05thebrownsisters_ss-slide-YT27-superJumbo

And here is the final photograph. What an incredible record. It is a long way from being a novel in that we know nothing about the sisters, apart from their names – Heather, Mimi, Bebe and Laurie (Bebe is Nicholas Nixon the photographer’s wife) – but still one keeps comparing the pictures with fiction because ‘as we come to the last pictures, we feel the final inevitability that, as Nixon says, “Everyone won’t be here forever”‘ (Susan Minot in the New York Times). Yet, unlike in fiction, ‘the sisters’ privacy has remained of utmost concern to the artist, and it shows in the work. Year after year, up to the last stunning shot with its triumphant shadowy mood, their faces and stances say, Yes, we will give you our image, but nothing else.’

22 January 2015

The-Brown-Sisters-2002

This is 2002. They all four look beautiful but weary: they are presumably all super-busy with jobs and children and relationships and houses – and life.

21 January 2015

1994

Now it’s 1994 and here is an article in Elle which helps to define why we find these photographs so mesmerising. It’s because ‘the images are closer to invoking the actual experience of being a woman—being a sister, a wife, a mother, a daughter—than most one-dimensional pictures can’. (Oops, is there something wrong with the grammar? But the point is well made.) It’s the same reason we read fiction of course. They Were Sisters anyone? In novels, as in these photographs, ‘it is not actually vanity that we are ultimately faced with, but the all too brief duration of life. Not only do we change, age, grow old, and one day die—but we do so as suddenly as the eye can sweep between forty still-life portraits.’

20 January 2015

1986

‘Who are these sisters? We’re never told (though we know their names: from left, Heather, Mimi, Bebe and Laurie; Bebe, of the penetrating gaze, is Nicholas Nixon’s wife)’ writes Susan Minot (whose novels are definitely among ‘the fifty books we wish we had published’ on our shop table) in an excellent piece about the photographs in the New York Times here.
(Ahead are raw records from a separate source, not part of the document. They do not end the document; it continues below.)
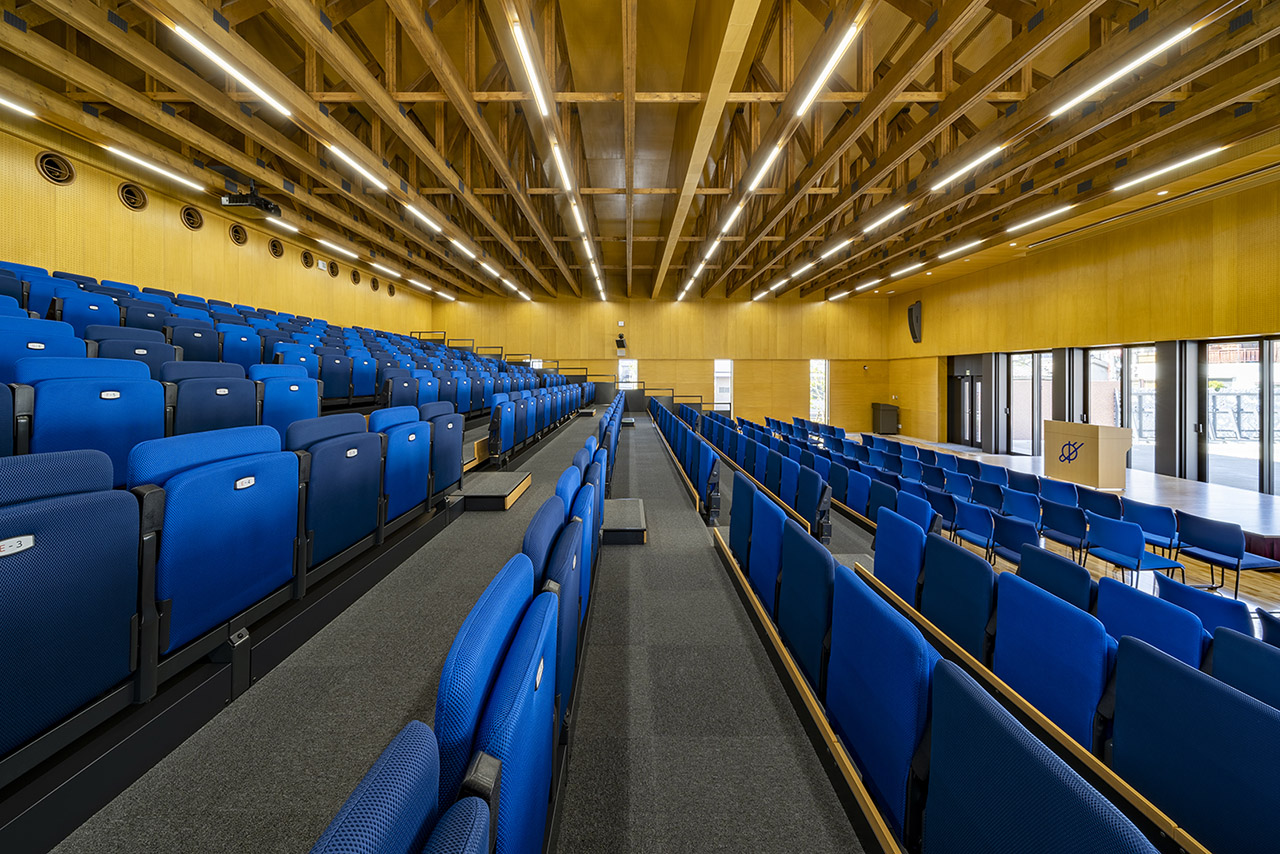 電動式移動観覧席「ロールバックチェアースタンド」とスタッキングチェア、そして移動式のステージが採用されました。388人が収容できる多目的ホールです。
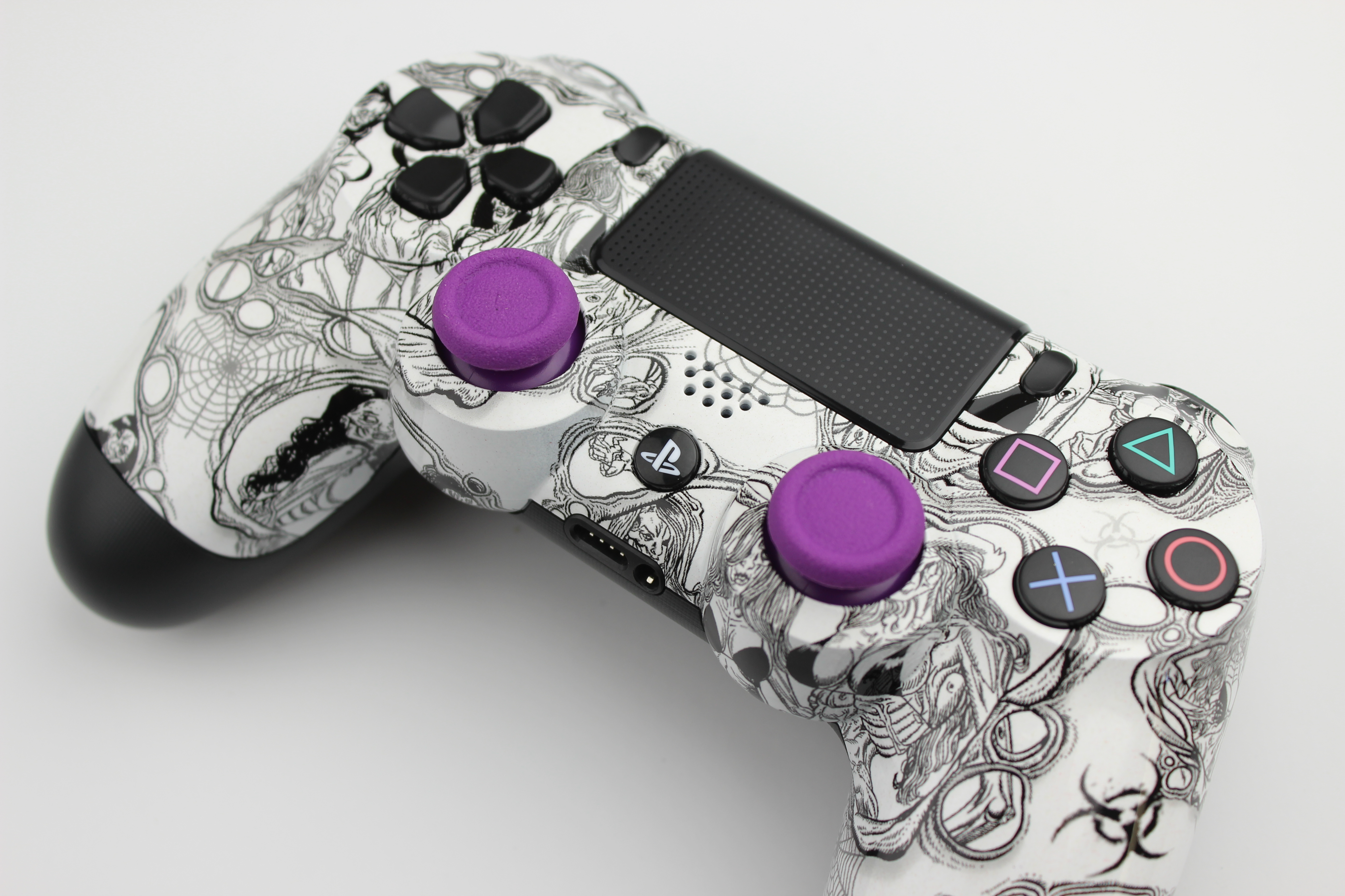 White Sexzy Zombies PlayStation 4 Contoller with Purple Sticks photos and movies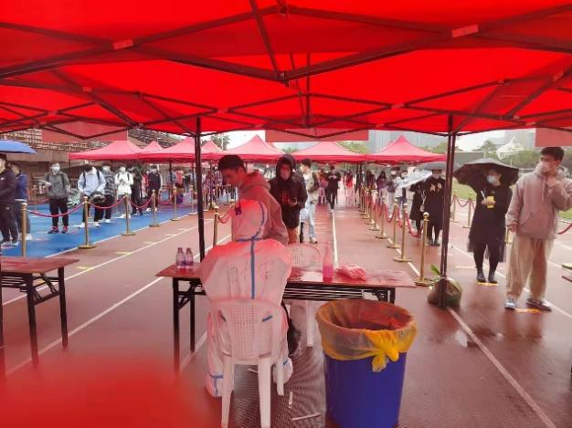 开学以来,学校已开展多轮师生全员核酸检测。核酸检测工作覆盖范围广、参与人员多、时间安排紧,校医院广大党员干部、一线医护人员主动请缨,冲锋在前,忘我工作,助力核酸检测圆满完成。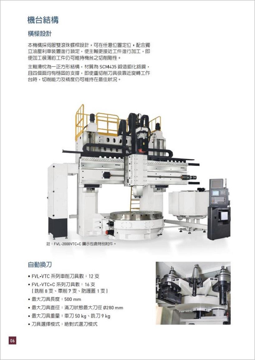 福裕FVL-VTC 系列立式車床非常適合重切削之車、銑、搪、研磨、鉆孔和攻牙等加工切削應(yīng)用。搭配切削主軸,提供更高的靈活加工能力,使得復(fù)雜的工件能在同一臺(tái)機(jī)器上加工完成。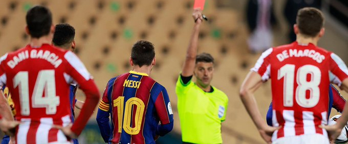 En un hecho inusual, un Messi preocupado terminó expulsado al golpear a un jugador del Bilbao.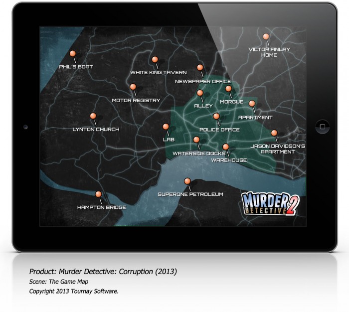 This is the map I created for Murder Detective 2: Corruption (published by Tournay Software). The game takes place both in the USA and the UK – this is the USA area.

This is 1986.

19 January 2015

1975

Many Persephone readers, especially American ones, will be familiar with the forty photographs of The Brown Sisters by Nicholas Nixon, but until they were published in the Financial Times two weeks ago none of us in the shop had seen them. The photographs, which were on display at the Museum of Modern Art in New York until last week and have now been published in a book, show the four sisters in the same pose every year. Today: 1975.

16 January 2015

paris

In the office we thought it would have been better if the new Charlie Hebdo cover had had images of (an older) Christ, the Buddha, a Greek Orthodox Patriarch, an orthodox Jew – as well as Mohammad – all of them saying Tout est pardonné. But perhaps we Brits can’t really understand French satire. Wonderful of the Muslim Association of Great Britain to say: ‘Muslims should react in the same way as our prophet – with calmness, grace and the best of manners.’ Very well put. Live and let live.

15 January 2015

Jewish relations

Friends and relations of the Parisians murdered in the Jewish supermarket.